**TASK DESCRIPTION:**
Repeat the data exactly. Pictures stay out.

**GIVEN MATERIAL:**
++++++++++++++++++++
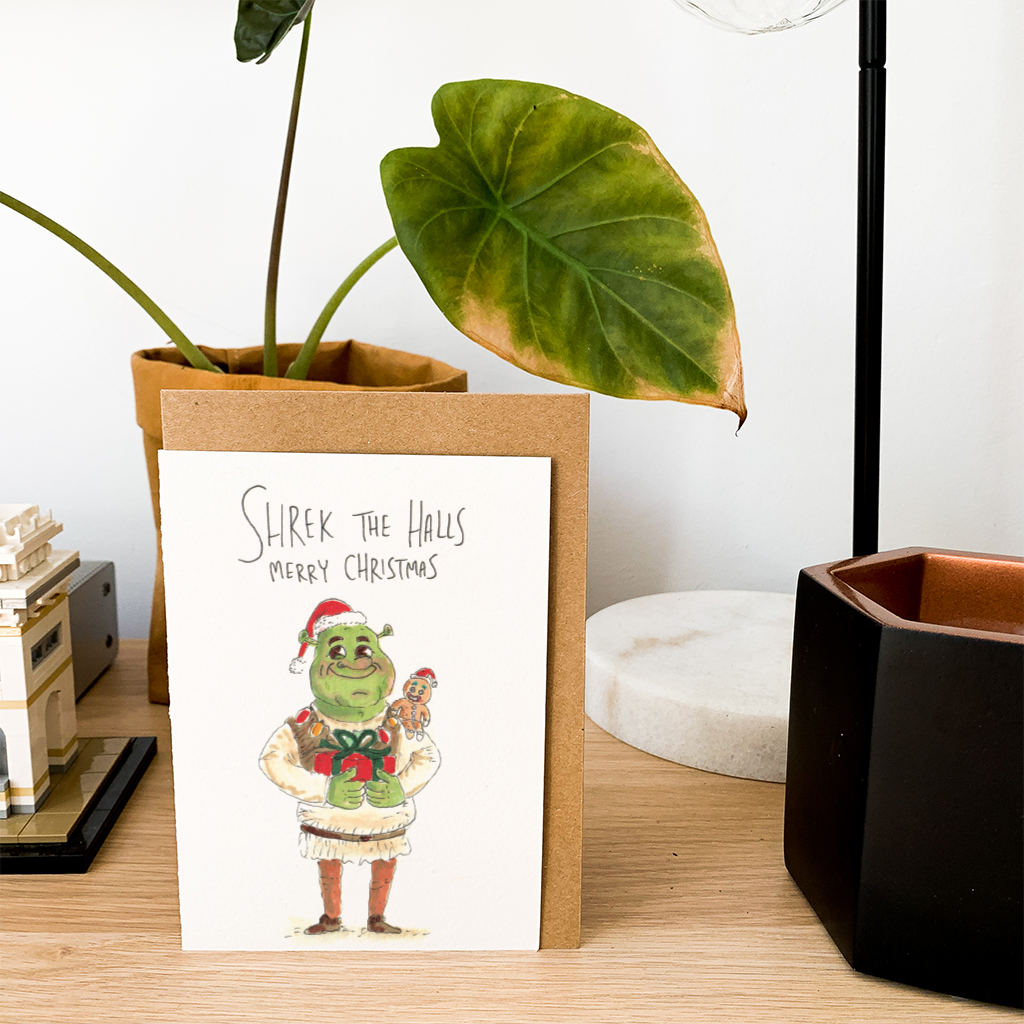 “Shrek the Halls” is the ultimate pun card for fairy-tale lovers, DreamWorks fans, or anyone who believes Christmas is better with layers. Featuring Shrek and Gingy in full festive mode, this card brings nostalgic cheer with a modern pun twist.
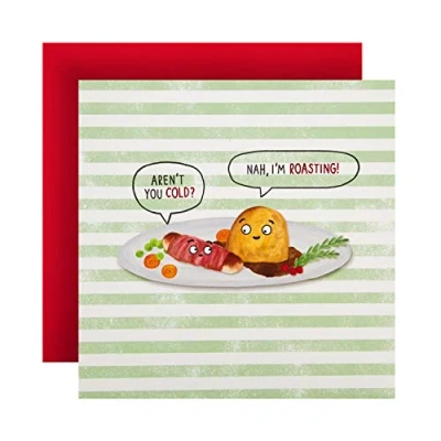 Send someone a smile at Christmas with this fun, pun based card from Hallmark. 100% Recyclable, FSC Certified, Textured Board. Red Foil Lettering and Highlights. Message Inside Reads: Enjoy! Comes complete with Co-ordinating Bright Red, Hallmark Branded Envelope Measures 16cm x 16cm, Within Standard UK 'Letter' Size Limits
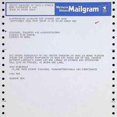 Western Union Mailgram To Concord High School from the United Teachers of Dade Dated 1/30/1986
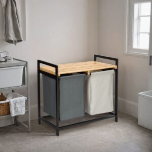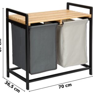 kosz na pranie lub zabawki bambusowy HANOI BLACK 2 przegrody DUO KOLOR
++++++++++++++++++++
**SOLUTION FOR THIS EXERCISE:**
 “Shrek the Halls” is the ultimate pun card for fairy-tale lovers, DreamWorks fans, or anyone who believes Christmas is better with layers. Featuring Shrek and Gingy in full festive mode, this card brings nostalgic cheer with a modern pun twist.
 Send someone a smile at Christmas with this fun, pun based card from Hallmark. 100% Recyclable, FSC Certified, Textured Board. Red Foil Lettering and Highlights. Message Inside Reads: Enjoy! Comes complete with Co-ordinating Bright Red, Hallmark Branded Envelope Measures 16cm x 16cm, Within Standard UK 'Letter' Size Limits
 Western Union Mailgram To Concord High School from the United Teachers of Dade Dated 1/30/1986
 kosz na pranie lub zabawki bambusowy HANOI BLACK 2 przegrody DUO KOLOR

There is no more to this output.